My appeal was accepted and I got my account back after 16 days.

TL;DR
My seven years old Google Play Developer account has been terminated, and all my apps have been removed from the Google Play Store.
I have submitted an appeal and am currently awaiting a response.
In the unlikely event that someone at Google is reading this, my ticket number is 1–4856000034797

Long version:

I have been publishing Android and iOS apps since 2016. I have developed many apps, both free and paid. Some of them are moderately succesfull.
It’s not my daily job, but I dedicate almost all my free time to creating and improving apps.

Last Friday I received an email from Google Play about one of my apps:

Your app has been suspended and removed due to the policy issue(s) listed below.
Issue found: MALWARE, BEHAVIOR TRANSPARENCY AND MOBILE UNWANTED SOFTWARE

It’s not the first time that Google removes one of my apps for a policy violation, and I guess this is a common experience for an Android developer.
When you receive such an email, you are required to submit an appeal if you think they are wrong, or to fix the issue and upload a new version of the app if you know they are right.
Sometimes Google is kind enough to give a you a grace period before removing the app, but most of the times it removes it immediately.

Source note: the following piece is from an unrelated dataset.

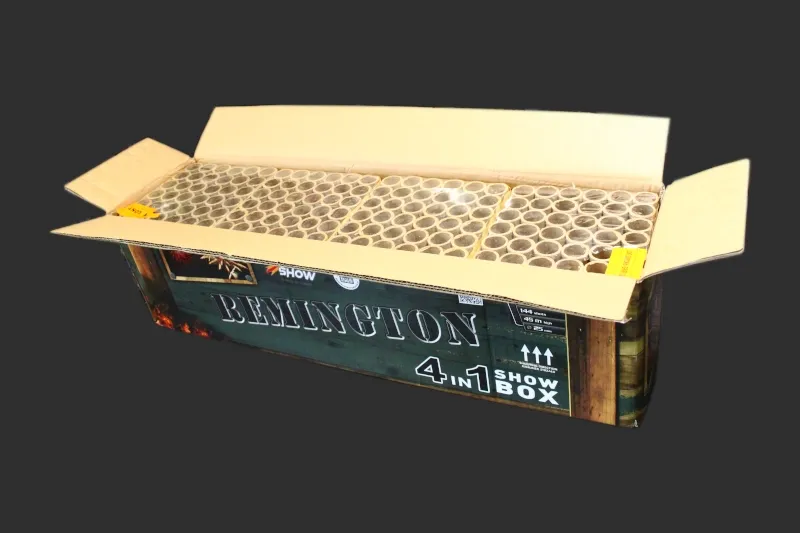 Zestaw 4 wyrzutni odpalany jednym lontem. 144 strzały w kalibrze 25 mm od firmy Piromax. Gwarancja jakości i pięknego widowiska.

This time, however, it was different. One minute later, I received a second email:

This is a notification that your Google Play Developer account has been terminated.

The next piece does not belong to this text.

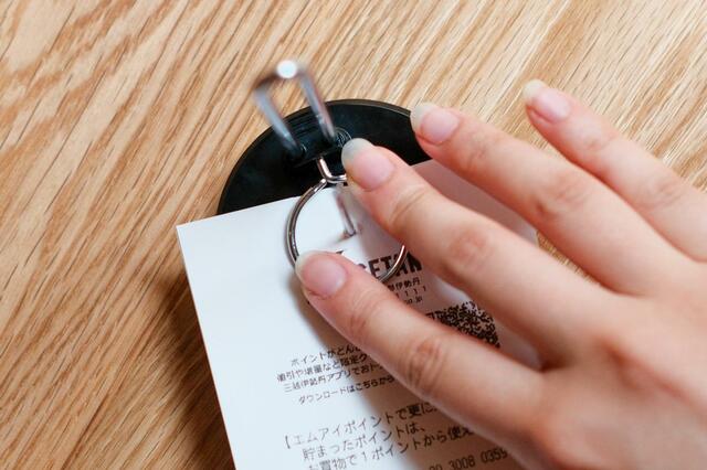 ワンプッシュで穴をあけてレシート類をまとめることができます。

Please note the term used: terminated. Not suspended, or frozen. Terminated.

I could easily verify that, yes, my developer account was terminated and as a consequence all of my apps, to which I had dedicated so much time and effort over the past seven years, were removed from the Google Play Store.
This reminded me the scene in which Thanos snaps his fingers, causing half of the creatures in the universe to disappear.
Unfortunately, Google was not as merciful as Thanos and snapped its fingers twice over my apps.

I tried to stay calm and analyse what could have happened.
The app that led to account termination is built with Unity, as all my other apps, but it’s the only one that uses a particular asset that I bought on the Unity Asset Store.
I use this asset to launch the web browser in full screen, linking to an online webpage that I created, featuring a very simple paint program written in Javascript.
Given that the issue found by Google was “malware”, the first thing I thought was that my webpage had been hackered and injected with malicious code.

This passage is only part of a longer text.